In 1942 Dumke made his Broadway debut as Hercules in the original production of Lorenz Hart and Richard Rodgers's By Jupiter. He returned to Broadway numerous times during the 1940s, appearing as General Bardini in The Merry Widow (1943-1944), Calchas in Helen Goes to Troy (1944), the Duke of Maddeloni in The Maid as Mistress (1944), Joe Horn in Sadie Thompson (1944-1945), Dapper Dan Pepper in Mr. Strauss Goes to Boston (1945), and Cap'n Andy in Show Boat (1946-1947).  He also appeared in several productions with the Los Angeles Civic Light Opera, including The Chocolate Soldier and Rosalinda.

Dumke appeared as a character actor in over forty feature films between 1949 and 1961, including crime pictures, films noir, dramas, mysteries, Westerns, horror, science fiction, musicals, and comedies.   Among these were All the King's Men (1949), The Breaking Point (1950), The War of the Worlds (1953), Daddy Long Legs (1955), and Invasion of the Body Snatchers (1956).

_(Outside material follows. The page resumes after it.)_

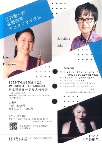 2023年6月30日(金)、日本福音ルーテル大分教会にて「江戸聖一郎、永野伶実 デュオリサイタル」が開催されます。

On American television, Dumke starred as Captain Billy Bryant in the CBS-TV variety show Captain Billy's Showboat (1948) and was one of the hosts of ABC-TV's Movieland Quiz (1948). He also made guest appearances on several programs during the 1950s and 1960s, including  The Bob Cummings Show, I Love Lucy, December Bride, Waterfront, My Little Margie, Perry Mason, and The Andy Griffith Show.

Personal life
Dumke was married to Greta Leona Edner from 1925 until his death.  They had two children. 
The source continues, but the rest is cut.